## Exercise 1: Arithmetic expressions

• pack your project files (source files and makefile or `build.xml`) using zip (or `tar/gzip/bzip2`, but please don't use `rar` or any other compressor)
• email your project to Iulian or Stephane, specifying the members of your group.

In this exercise, you are asked to familiarize yourself with Scala and the combinator parsing library.

• The first part will not be graded, and consists of extending an existing arithmetic evaluator with conditionals and comparison operators. (package `arithmetic` in the provided framework)
• The second part is your assignment, consisting of implementing (variations of) the NB language from chapter 3 of the TAPL book (package `tapl1` in the provided framework).

The framework you will be using can be downloaded as zip or tar.gz archive.

The API documentation for this exercise is available online.

### Technicalities

The programming assignments of this course will be done in Scala.

Scala should be installed on all computers in the exercise room, but if you plan to use your own, you can download it here. Scala has an Eclipse plugin, downloadable here and comes with support for several editors such as Emacs or Vi.

The Scala configuration on Linux and Windows is described in a separated documentation page.
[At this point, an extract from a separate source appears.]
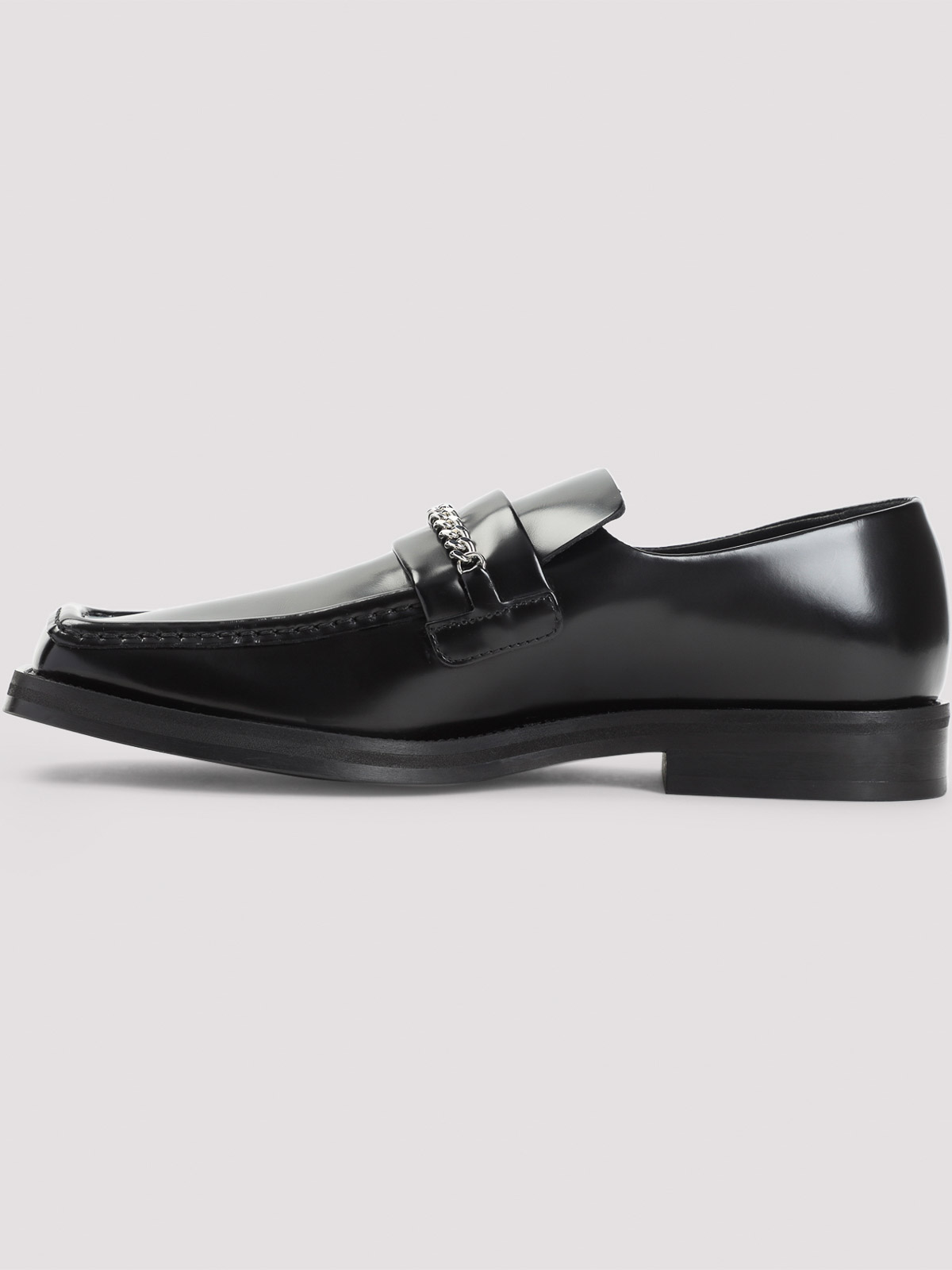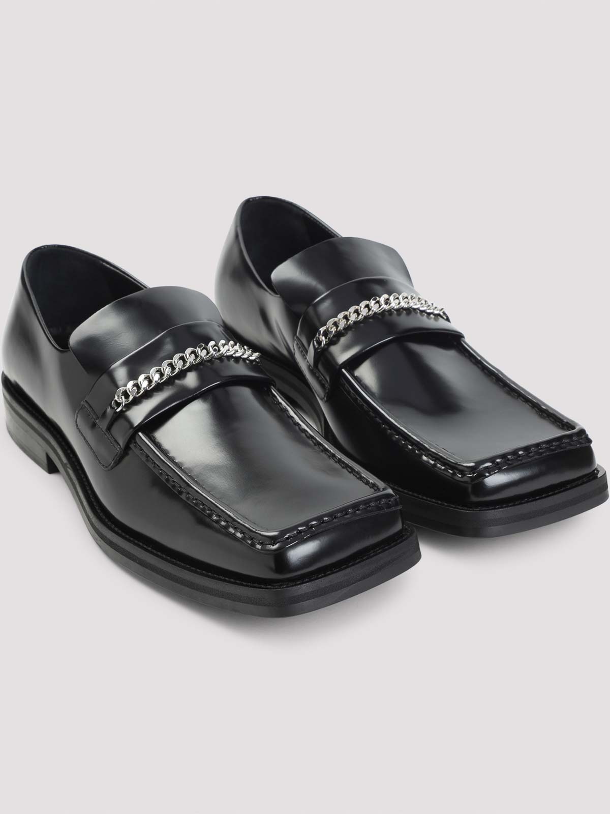 Martine rose square toe black loafers crafted from black brushed square toe penny strap with, toned chain in and out

The provided framework contains configuration files for Ant and Eclipse.

• Ant: `build.xml`
• Eclipse: `.classpath` and `.project` (use "File" → "Import.." → "General" → "Existing Projects into Workspace" to import the extracted framework)

### 1. Arithmetic expressions

In this first part you will modify an existing parser for arithmetic expressions. The goal is to familiarize yourself with the combinator parsing library and Scala, so your imagination can run wild and implement as many features as you want! The given framework can parse and evaluate simple arithmetic expressions, and we'd like you to (at least) extend it with booleans and comparison expressions.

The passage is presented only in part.